22. Selon la saisine du Gouvernement, « La croissance effective sur la période 2024-2027 serait supérieure à son rythme potentiel de 1,35 % et l'écart de production ainsi refermé en 2027. La croissance s'établirait à 1,7 % en moyenne sur 2024-2027, avec un rythme un peu plus important en fin (1,8 % en 2027) qu'au début de période (1,6 % en 2024), reflétant la dissipation progressive des contraintes liées à la crise sanitaire et au conflit en Ukraine. »

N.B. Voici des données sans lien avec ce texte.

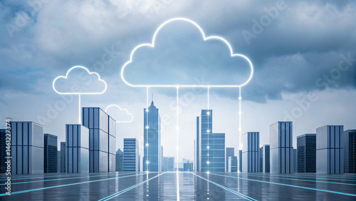 Modern City Skyline with Digital Cloud Concept and Dramatic Sky Background

23. « L'inflation refluerait progressivement vers son niveau de long terme estimé à 1,75 %, au fur et à mesure de la fin de la transmission des hausses passées de prix de matières premières et de la dissipation des tensions d'approvisionnement. Elle reviendrait en 2026 à +1,75 % au sens de l'IPC, un niveau cohérent avec la cible de la BCE de 2 % pour la zone euro au sens de l'IPCH. »

2. Appréciation du Haut Conseil

24. Les observations relatives aux prévisions macroéconomiques du Gouvernement pour les années 2022 et 2023 sont présentées dans le détail dans l'avis n° 2022-4 sur le PLF et le PLFSS pour 2023.

25. Le scénario macroéconomique retenu par le Gouvernement pour les années 2024 à 2027 présenté dans le projet de LPFP est très proche de celui inscrit dans le Programme de stabilité 2022-2027, sur lequel le Haut Conseil s'est prononcé dans l'avis n° 2022-3.

26. Les hypothèses de croissance du PIB de 2024 à 2027 sont inchangées par rapport à celles du Programme de stabilité. Le Gouvernement prévoit ainsi une croissance supérieure à la croissance potentielle dès 2024 et ce jusqu'à 2027 : la croissance du PIB est attendue à 1,6 % en 2024, 1,7 % en 2025 et 2026, puis 1,8 % en 2027, contre une croissance potentielle estimée à 1,35 % par an sur la même période. Dans ce contexte, l'écart de production, estimé à -1,1 % du PIB potentiel en 2022, se réduirait graduellement et serait refermé en 2027.

27. Cette fermeture de l'écart de production sur la période repose à la fois sur une baisse anticipée du taux d'épargne des ménages, le maintien à un niveau élevé du taux d'investissement des entreprises et une contribution positive du commerce extérieur, chaque année, jusqu'en 2027. Aucune de ces hypothèses ne peut être exclue a priori, mais elles sont toutes entourées d'aléas baissiers, si bien que le scénario présenté par le Gouvernement repose sur une combinaison d'hypothèses favorables.

28. Le taux d'épargne des ménages est prévu en baisse sur toute la période. Son repli serait même un peu plus fort en 2024 et en 2025 qu'anticipé dans le Programme de stabilité. Les nouveaux risques géopolitiques et sanitaires apparus ces dernières années peuvent pourtant inciter les ménages à maintenir durablement une épargne accrue par rapport à la période antérieure ; l'érosion du pouvoir d'achat de leurs actifs entraînée par la forte inflation apparue en 2022 pourrait avoir le même effet. Une baisse temporaire plus forte du taux d'épargne des ménages est toutefois également possible, compte tenu de l'excès d'épargne accumulé en 2020 et 2021 et de la possibilité que les ménages puisent dans leur épargne pour maintenir leur consommation.

Graphique 2 : taux d'épargne des ménages en France

Vous pouvez consulter l'image dans le fac-similé du

JOnº 0224 du 27/09/2022, texte nº 77

Sources : Insee, projet de loi de programmation des finances publiques 2023-2027.